A. Schematic representation of locations of visceral endoderm cells and epiblasts of E6.5 embryos. Boxed regions show where EM images are taken. Microvilli, lipid droplets and cell nucleus are illustrated. B. Representative EM images of control and mutant embryonic cells at E6.5. B1-2 (control) and B4-5 (mutant) are high magnification EM images of visceral endoderm cells. Microvilli (red arrows) and lipid droplets (orange stars) are indicated. Notice the increases in size of clear vesicles inside the lipid droplets in mutant embryos. Most lipid droplets appear only light stained with only a few dark-stained spots in mutants (blue arrowheads). B3 (control) and B6 (mutant) are high magnification EM images of epiblast cells in embryonic ectoderms. Green stars point to nucleus. No differences in cell morphology or subcellullar organelles were observed in mutant epiblasts. Scale bars: 2 µm. C. Quantification on the diameter of vesicles inside lipid droplets, with scatter plot of both control and mutant embryos. There is a statistically significant increase in vesicle size inside the lipid droplets in mutant embryos (p<0.001).
Reduced mTOR signaling in Pik3c3 mutation embryos
If an endocytic process does not contribute significantly to the proliferating defects of Pik3c3 embryos, what other PIK3C3 regulated processes might cause the failed growth? PIK3C3 has been shown to regulate nutrient sensing and amino acid induced mTOR activation in cultured cells [23], [24], [25], [26]. mTOR mutant embryos show similar early embryonic lethality and defects in cell proliferation as the Pik3c3 mutant mice [43], [44], [45]. On the other hand, growth factor signaling through activation of Akt pathway can also lead to mTOR activation. Thus it is not immediately clear whether mTOR signaling is affected in Pik3c3 mutant embryos. We performed immunostaining of phosphorylated ribosomal protein S6 (phospho-S6), the downstream target of mTOR complex 1 and S6 kinase 1 (S6K1) and also a commonly used indicator for mTOR activation, in E6.5 control and mutant embryos [45]. Strong phospho-S6 staining can be clearly visualized in control embryos (Figure 7A1), indicating a highly active mTOR signaling pathway during early embryogenesis. In contrast, phospho-S6 level is drastically reduced in Pik3c3 mutant embryos (Figure 7A2). This result is consistent with previous findings that during earliest stages of development, the embryo is very much dependent on branched chain amino acids and glucose, rather than growth factors, to activate mTOR signaling for growth [46], [47], [48]. Thus, the loss of mTOR signaling in Pik3c3 mutant embryos could be a major contributor to the observed cell proliferation defects and early embryonic lethality.

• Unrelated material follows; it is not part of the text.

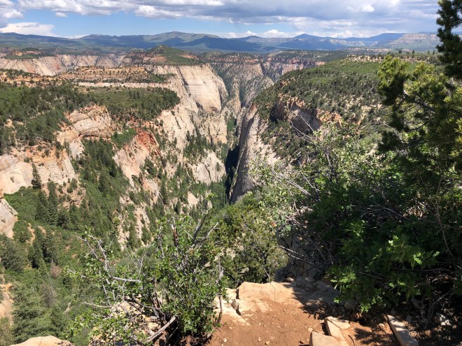 As we emerged from the trees, all of Zion Canyon lay in front of us…wow! We hadn’t actually seen any of this part yet (the entire main canyon of the national park), so to see it from 2500 feet above was mesmerizing. The grandness of it all, with its imposing sheer white, black and rust rock walls was magnificent.

A. Immunostaining of phosphor-S6 (red) in control and mutant embryos at E6.5, counter stained with DAPI (blue). Notice the drastically decreased phospho-S6 level in mutant embryos. Scale bar: 100 µm.
Discussion
In the present study, we generated Pik3c3 knockout mice and characterized the in vivo function of PIK3C3 during embryogenesis. The most prominent defect caused by Pik3c3 deletion is a severely reduced embryonic cell proliferation. The death of Pik3c3 mutant embryos prior to gastrulation is likely due to the lack of proliferative burst required for the development of different germ layers. It has been shown that mouse gastrulation occurs at around E6.5 when mesoderm is generated from epiblast [42]. Importantly, there is normally a ∼100-fold increase in cell number between E5.5 and E7.5 [42]. The dramatic increase in cell proliferation is necessary for proper gastrulation since cells need to accumulate to certain numbers to initiate this process [49]. In fact, mutations in genes that affect proliferation rate during this period often result in missing of mesoderm, abnormal embryonic development and early embryonic lethality [39]. For instance, embryos carrying null mutation in genes encoding proteins of the bone morphogenetic protein (BMP) signaling pathway, including Smad4 [50], [51], Bmp4 [52] and Bmpr [53], all fail to develop mesoderm and die at the beginning of gastrulation partly due to defects in cell proliferation. Germline deletion of tumor suppressor genes regulating cellular growth such as Brca1 [39] and Tsg101 [54] also leads to cell proliferation defect, lack of mesoderm and early embryonic lethality before E7.5. Here we show that Pik3c3 mutation leads to significantly retarded cell proliferation both in vivo and in vitro. Interestingly, the blastocysts isolated from E3.5 Pik3c3 mutant embryos appear normal compared with controls and display similar growth and proliferation capability in the first two days in culture. It is possible that persistence of maternal PIK3C3 protein or mRNA may permit cell proliferation and the initial development of blastocysts. Subsequently, as PIK3C3 proteins are gradually depleted, the growth of embryos stops.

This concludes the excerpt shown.